Which of the following is true ? i) Having clause exists only with GROUP…

2025

Which of the following is true ?

i) Having clause exists only with GROUP Clause.

ii) The Group clause was added to SQL because the where keyword could not be used with aggregate functions.

  1. A.

    i) only

  2. B.

    ii) only

  3. C.

    i) and ii) only

  4. D.

    neither i) nor ii)

Attempted by 5 students.

Show answer & explanation

Correct answer: D

Concept

HAVING filters GROUPS by an aggregate condition, but it does not itself require a GROUP BY clause — when GROUP BY is absent, SQL treats the whole result set as one implicit group and evaluates HAVING against that single group. GROUP BY's own job is to partition rows so an aggregate function can be computed per group. The reason WHERE cannot filter on an aggregate result is SQL's logical processing order: WHERE runs on raw rows before any grouping or aggregation happens, so no aggregate value exists yet at that stage — HAVING was introduced to close exactly that gap, evaluated after grouping/aggregation, not GROUP BY.

Application

  • Statement i) claims HAVING exists only alongside a GROUP BY clause. This is false: a query such as SELECT COUNT(*) FROM Orders HAVING COUNT(*) > 100; is valid with no GROUP BY at all — the entire table forms one implicit group and HAVING filters that single group.

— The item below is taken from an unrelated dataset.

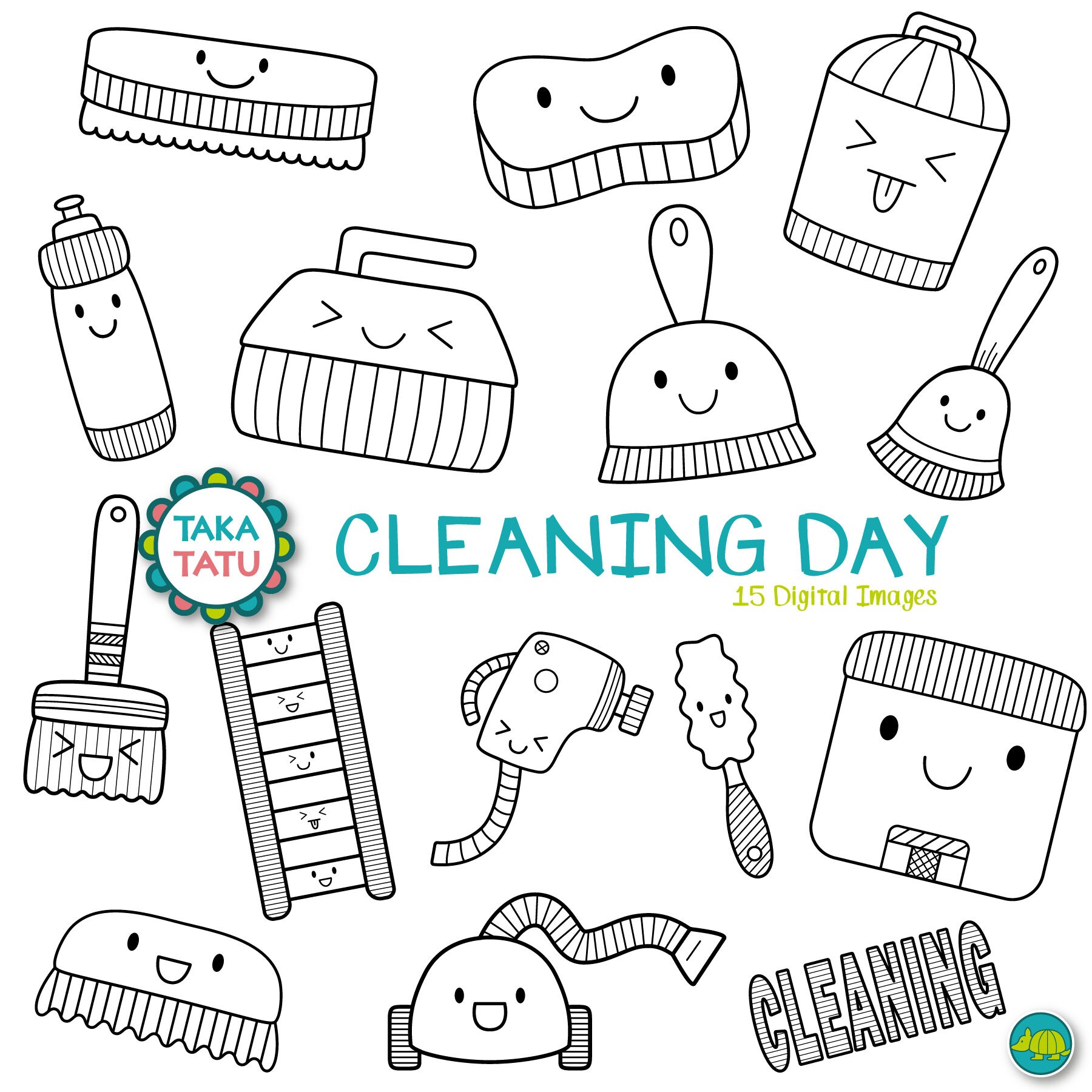 Cleaning Digital Stamp Kawaii Cleaning Clipart Cleaning Etsy

  • Statement ii) claims the GROUP BY clause was added because WHERE could not be used with aggregate functions. This misattributes the reasoning — the WHERE-versus-aggregate limitation is exactly the documented justification for HAVING's existence, not GROUP BY's. GROUP BY's own purpose is partitioning rows for per-group aggregation, independent of that WHERE limitation.

Cross-check

SQL's logical execution order is FROM → WHERE → GROUP BY → HAVING → SELECT → ORDER BY. WHERE always runs before any aggregation, and the gap that creates is closed at the HAVING stage — never by GROUP BY. Comparing the two forms below confirms HAVING's independence from GROUP BY:

-- HAVING with GROUP BY (per-group filter)
SELECT Customer, SUM(OrderPrice)
FROM Orders
GROUP BY Customer
HAVING SUM(OrderPrice) < 2000;

-- HAVING alone, no GROUP BY (single implicit group)
SELECT COUNT(*)
FROM Orders
HAVING COUNT(*) > 100;

Since HAVING can run stand-alone against one implicit group, and GROUP BY is not the clause that answers WHERE's aggregate limitation, both statements fail together — the combination that holds is “neither i) nor ii)”.